In the third embodiment described above, the photographing/recording process is performed by a trigger, which is an action that the user approaches the finger 41 to the touch panel 16 and moves the finger 41 away from the touch panel 16 in order to proceed to the step of the spot AF/AE control or the multi AF/AE control. In the first and second embodiment, the imaging device 10 may be physically shaken in the photographing/recording process due to contact of the finger 41 to the touch panel 16 by mistake when the user approaches the finger 41 to the touch panel 16 to give an instruction of the photographing/recording process. On the contrary, in the second embodiment, it is possible to prevent the mis-operation by implementing an operational instruction that uses the action of moving the finger 41 away as a trigger.

Other than that described above, the third embodiment can give two connected functions (operations) with a seamless operation, by setting the functions (operation) in connection with the distance from the detection surface of the touch panel to the fingers, including the operation and effect of the first embodiment.

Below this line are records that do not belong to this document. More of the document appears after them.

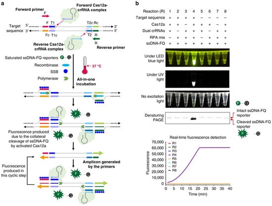 Design and working principle of the AIOD-CRISPR assay. (a) Schematic of the AIOD-CRISPR assay system. SSB is single-stranded DNA binding protein. The four sites in the target sequence are labeled as F, T1, T2, and R, respectively. The letter c represents the corresponding complementary site. For example, F and Fc sites are complementary. The short horizontal lines with the same colors denote the same sites and their arrows represent the direction of 5′–3′. (b) Evaluation of eight AIOD-CRISPR reactions (R) with various components through endpoint imaging after 40 min incubation, denaturing polyacrylamide gel electrophoresis (PAGE) analysis of the single-stranded fluorescent reporter (ssDNA-FQ), and real-time fluorescence detection. The ssDNA-FQ was labeled by 5′ 6-FAM (Fluorescein) fluorophore and 3′ Iowa Black FQ quencher. Recombinase polymerase amplification (RPA) mix from TwistAmp Liquid Basic kit was composed of 1× Reaction Buffer, 1× Basic E-mix, 1× Core Reaction Buffer, 14 mM MgOAc, 320 nM each of primers, and 1.2 mM dNTPs. Dual crRNAs contained 0.64 μM each of crRNAs specific to the SARS-CoV-2 N gene sequence. A plasmid containing the SARS-CoV-2 N gene sequence (3 × 103 copies), 8 μM of ssDNA-FQ reporters, and 1.28 μM EnGen Lba Cas12a (Cpf1) were used. Each experiment was repeated three times with similar results (Adapted from [178], License: CCBY).
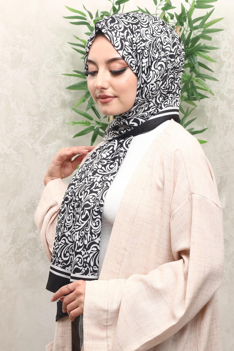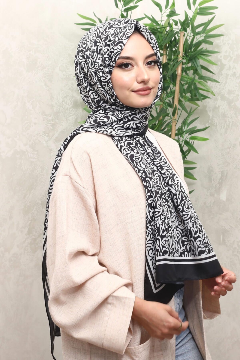 Damaks Desen Siyah Soft Pamuk Şal;Ölçü:75x185;Kumaş:%50 Pamuk %50 Polyester;Dört mevsim kullanıma uygundur.;Kolayca şekil alır, önü tok ve dik durur.; Solmaya ve kırışmaya dayanıklıdır.; İç göstermez,kayma yapmaz.; Ütü gerektirmez.;Kullanılan ışıklardan dolayı renk farklılıkları olabilir.
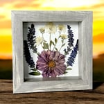 These beautiful Cosmos, Veronica and Chrysanthemum wildflowers were personally grown and harvested from my garden. They have been carefully hand-pressed, dried and framed in a 6” X 6” weathered gray shadow box frame with glass. This unique piece of artwork forever captures the beauty of these wildflowers and will provide a gorgeous display for that perfect spot on a wall or desk within your home or office.
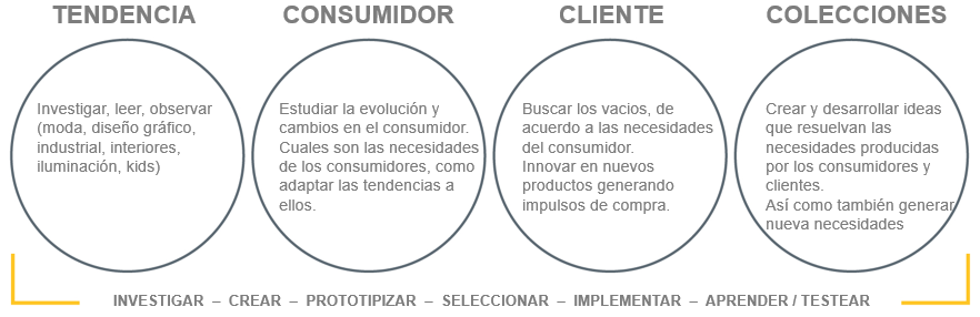 Trabajamos en conjunto con nuestros clientes de principio a fin, estamos presentes en toda la cadena de producción, nos preocupamos de saber las necesidades del consumidor final para lograr una colección diferenciadora y exitosa.
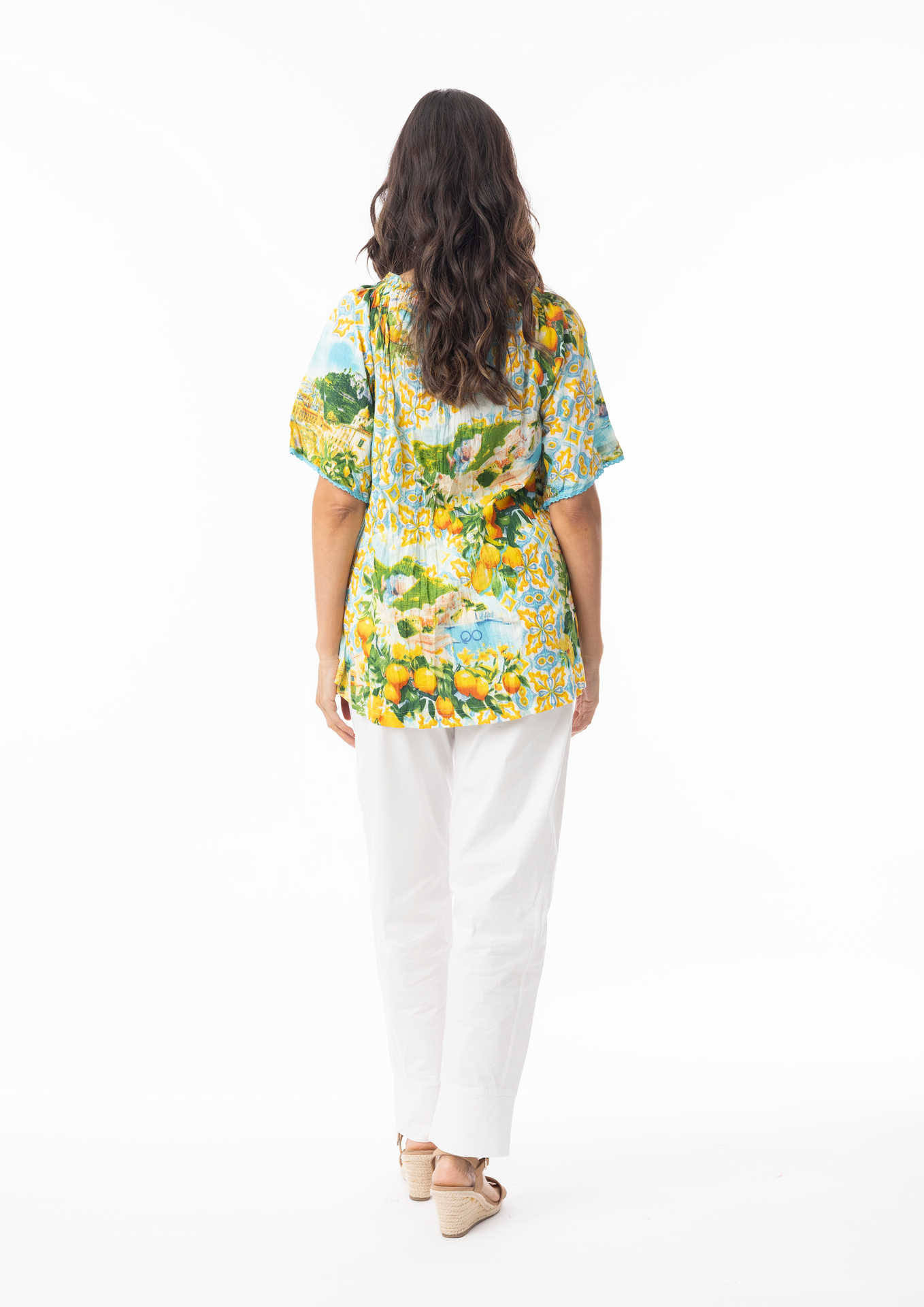 Make a statement this summer with our AMALFI boho top (#32443). This top features a relaxed fit, an open neckline with tassel details, delicate pleats at the bust, and vibrant prints. Elevate your summer wardrobe with effortless style.

Three embodiments for performing automatic focus scanning or automatic exposure adjustment, the capturing operation and the like without being influenced by shaking, using wide and non-contact user's operations, by the imaging device equipped with a capacitance type touch panel were described above. Next, an embodiment of applying the imaging device having the functional configuration is also introduced.

4. Fourth Embodiment

An imaging device is usually provided with reproduction function in order for a user to see the still image data recorded by the photographing/recording process. One of typical modes of still image reproduction functions is a one sheet of image reproduction mode, which is a mode that enlarges and displays one of the still image data recorded in the recording device, on the display unit.

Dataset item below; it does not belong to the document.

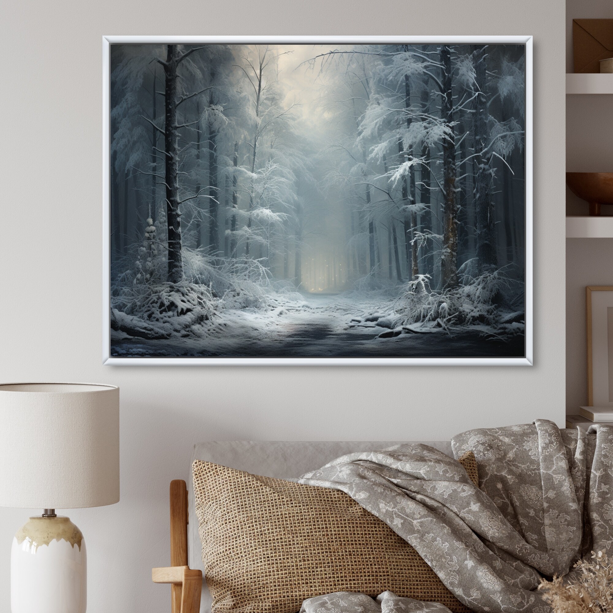 Designart "Winter Landscape Silent Woods" Winter Landscape Framed Canvas Wall Art
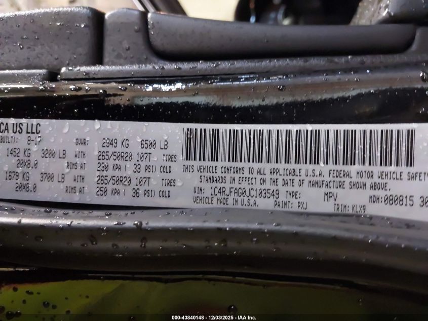 2018 JEEP GRAND CHEROKEE 2018 року Бензин, 3.6, Повний привід, vin - 1C4RJFAG0JC103549 з США

When there is a plurality of still image data, the user gives an instruction to the imaging device through the operation unit and the imaging unit performs a renewal process and re-display on the display unit at each time in response to the instruction. When a plurality of still image data is stored in the recording device, the order is specifically determined by the compression decoding type, such as JPEG and the order of re-display of the images by an operation instruction from the user follows the above order. Hereafter, the operation of re-displaying the images in the normal direction is referred to as “image transmission” and the operation of reversely re-displaying the images is referred to as “image return”. Both the image transmission and the image return generally renew one by one ever time the user gives one operation instruction. However, when the recording device has a large capacity and the number of recorded still image data is largely increased, in an operation type that can perform the image transmission or the image return one by one in one operation of the user, it takes time and effort to be managed to access desired still image data, thereby increasing inconvenience.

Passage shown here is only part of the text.